[Opening DATASET SECTION section]
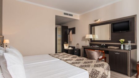 Direct naar: * Ligging () * Faciliteiten () * Restaurants & Bars () * Hotelkamers () * Sport & Ontspanning () * Kinderfaciliteiten () * Zwembaden () * Verzorging () Ligging: Diamant Residence * Openbaar zandstrand Sunny Beach op circa 450 meter * Dichtstbijzijnde winkel op circa 50 meter * Dichtstbijzijnde restaurant op circa 100 meter * Dichtstbijzijnde bar op circa 200 meter * Nessebar op circa 1 kilometer * Sunny Beach op circa 3 kilometer * Action Aquapark op circa 4 kilometer * Bushalte op circa 50 meter Faciliteiten * 1 gebouw met 7 verdiepingen * 3 liften * 222 kamers * 24-uursreceptie * Bagageruimte * Lobby * Tuin * Wifi * Kapsalon* * Winkeltje* * Wasservice* * Doktersservice* * Privé en openbare parkeergelegenheid* *Tegen betaling Restaurants & bars * 1 buffetrestaurant * 1 snackbar * 2 bars Hotelkamers * Standaardkamer (1-3 personen) * Ca. 20 m² * Telefoon* * Airconditioning * Televisie * Minibar* * Kluisje* * Wifi * Douche * Toilet * Föhn * Balkon met zitje *Tegen betaling * Familiekamer (3-6 personen) * Ca. 38 m² * Bestaat uit 2 ruimtes * Dezelfde faciliteiten als de standaardkamer Sport & Ontspanning * Fitness * Aerobics * Darts * Boccia * Biljart* * Tafeltennis * Gameroom* * Duikcentrum* * Watersporten aan het strand* * Turks bad* * Sauna* * Binnenzwembad* * Bubbelbad* * Massages en schoonheidsbehandelingen* * 6 dagen per week entertainment (01-06 t/m 15-09) *Tegen betaling Kinderfaciliteiten * 1 kinderzwembad * Miniclub 6 dagen per week (4-12 jaar) (01-06 t/m 15-09) * Minidisco 6 dagen per week (01-06 t/m 15-09) * Speeltuintje * Babybedje op aanvraag Zwembad * 1 buitenzwembad * Zonneterras met gratis ligbedden, matrasjes en parasols * Gratis badhanddoekenservice Verzorging Zomer: Diamant Residence * Verblijf o.b.v. All Inclusive: * Ontbijt in buffetvorm (07.30-10.00 uur) * Laat ontbijt, self service (10.30-12.00 uur) * Lunch in buffetvorm (12.30-14.00 uur) * Diner in buffetvorm (18.30-21.00 uur) * Snacks (15.00-17.00 uur) * Koffie/thee en koekjes (15.00-17.00 uur) * IJs (11.00-18.00 uur) * Geselecteerde lokale (non-)alcoholische dranken (10.00-23.00 uur) * Tegen betaling: import drankjes Extra informatie: Bij deze pakketreis is een huurauto inbegrepen, daarom vervalt de transfer van de luchthaven naar de accommodatie en vice versa. Bij aankomst op je bestemming staat de auto voor je klaar op de luchthaven. Op de dag van vertrek lever je de auto hier ook weer in. De reisleiding, aanwezig op de luchthaven, verwijst je naar het autoverhuurbedrijf en geeft je een welkomstenvelop. Is je reisgezelschap te groot voor één auto? Boek dan een tweede auto bij. Voor prijzen en beschikbaarheid kun je contact opnemen met ons Contact Center. Informatie & Voorwaarden Huurauto ()
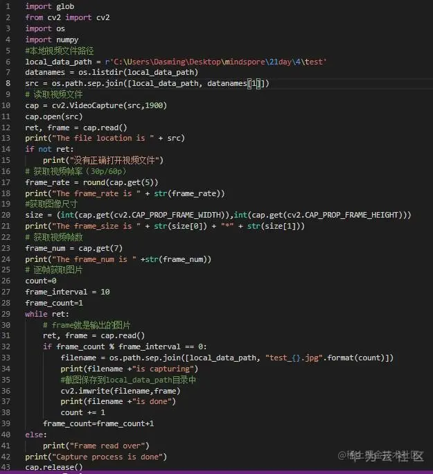 2、对视频进行切分为图片,格式为.jpg。根据本课提供的OpenCV代码,在本地测试成功后,放到ModelArts上调试却不成功,多次调试无果。
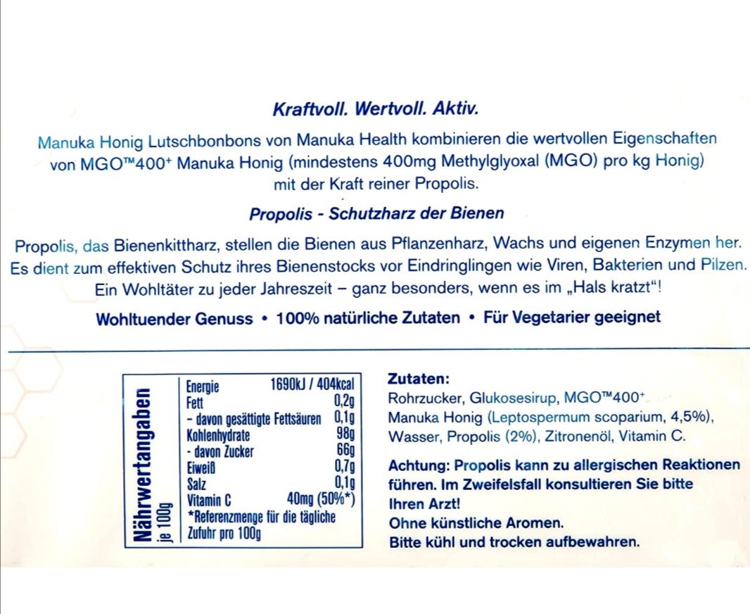 - MGO 400 + Lutschbonbons mit Propolis 250 g - 100%Manuka Health
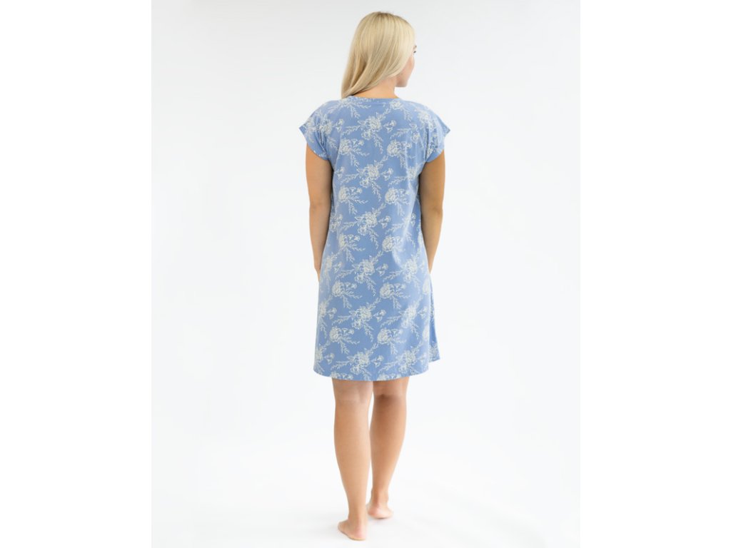 Základem kvalitního spánku je vaše pohodlí, ke kterému vám pomůže i pohodlné noční prádlo. Naše dámská noční košilka s krátkým rukávem je ideální volbou pro každou milovnici kvalitních materiálů a pohodlných střihů. Noční košilka má délku nad kolena, výraznější květinový vzor, kruhový výstřih, který neškrtí a materiál ze 100% bavlny.
[Closing DATASET SECTION section]
* WHAT IS REQUIRED
Transcribe the whole of the data exactly, minus any pictures.

* ANSWER FOR THIS EXERCISE
 Direct naar: * Ligging () * Faciliteiten () * Restaurants & Bars () * Hotelkamers () * Sport & Ontspanning () * Kinderfaciliteiten () * Zwembaden () * Verzorging () Ligging: Diamant Residence * Openbaar zandstrand Sunny Beach op circa 450 meter * Dichtstbijzijnde winkel op circa 50 meter * Dichtstbijzijnde restaurant op circa 100 meter * Dichtstbijzijnde bar op circa 200 meter * Nessebar op circa 1 kilometer * Sunny Beach op circa 3 kilometer * Action Aquapark op circa 4 kilometer * Bushalte op circa 50 meter Faciliteiten * 1 gebouw met 7 verdiepingen * 3 liften * 222 kamers * 24-uursreceptie * Bagageruimte * Lobby * Tuin * Wifi * Kapsalon* * Winkeltje* * Wasservice* * Doktersservice* * Privé en openbare parkeergelegenheid* *Tegen betaling Restaurants & bars * 1 buffetrestaurant * 1 snackbar * 2 bars Hotelkamers * Standaardkamer (1-3 personen) * Ca. 20 m² * Telefoon* * Airconditioning * Televisie * Minibar* * Kluisje* * Wifi * Douche * Toilet * Föhn * Balkon met zitje *Tegen betaling * Familiekamer (3-6 personen) * Ca. 38 m² * Bestaat uit 2 ruimtes * Dezelfde faciliteiten als de standaardkamer Sport & Ontspanning * Fitness * Aerobics * Darts * Boccia * Biljart* * Tafeltennis * Gameroom* * Duikcentrum* * Watersporten aan het strand* * Turks bad* * Sauna* * Binnenzwembad* * Bubbelbad* * Massages en schoonheidsbehandelingen* * 6 dagen per week entertainment (01-06 t/m 15-09) *Tegen betaling Kinderfaciliteiten * 1 kinderzwembad * Miniclub 6 dagen per week (4-12 jaar) (01-06 t/m 15-09) * Minidisco 6 dagen per week (01-06 t/m 15-09) * Speeltuintje * Babybedje op aanvraag Zwembad * 1 buitenzwembad * Zonneterras met gratis ligbedden, matrasjes en parasols * Gratis badhanddoekenservice Verzorging Zomer: Diamant Residence * Verblijf o.b.v. All Inclusive: * Ontbijt in buffetvorm (07.30-10.00 uur) * Laat ontbijt, self service (10.30-12.00 uur) * Lunch in buffetvorm (12.30-14.00 uur) * Diner in buffetvorm (18.30-21.00 uur) * Snacks (15.00-17.00 uur) * Koffie/thee en koekjes (15.00-17.00 uur) * IJs (11.00-18.00 uur) * Geselecteerde lokale (non-)alcoholische dranken (10.00-23.00 uur) * Tegen betaling: import drankjes Extra informatie: Bij deze pakketreis is een huurauto inbegrepen, daarom vervalt de transfer van de luchthaven naar de accommodatie en vice versa. Bij aankomst op je bestemming staat de auto voor je klaar op de luchthaven. Op de dag van vertrek lever je de auto hier ook weer in. De reisleiding, aanwezig op de luchthaven, verwijst je naar het autoverhuurbedrijf en geeft je een welkomstenvelop. Is je reisgezelschap te groot voor één auto? Boek dan een tweede auto bij. Voor prijzen en beschikbaarheid kun je contact opnemen met ons Contact Center. Informatie & Voorwaarden Huurauto ()
 2、对视频进行切分为图片,格式为.jpg。根据本课提供的OpenCV代码,在本地测试成功后,放到ModelArts上调试却不成功,多次调试无果。
 - MGO 400 + Lutschbonbons mit Propolis 250 g - 100%Manuka Health
 Základem kvalitního spánku je vaše pohodlí, ke kterému vám pomůže i pohodlné noční prádlo. Naše dámská noční košilka s krátkým rukávem je ideální volbou pro každou milovnici kvalitních materiálů a pohodlných střihů. Noční košilka má délku nad kolena, výraznější květinový vzor, kruhový výstřih, který neškrtí a materiál ze 100% bavlny.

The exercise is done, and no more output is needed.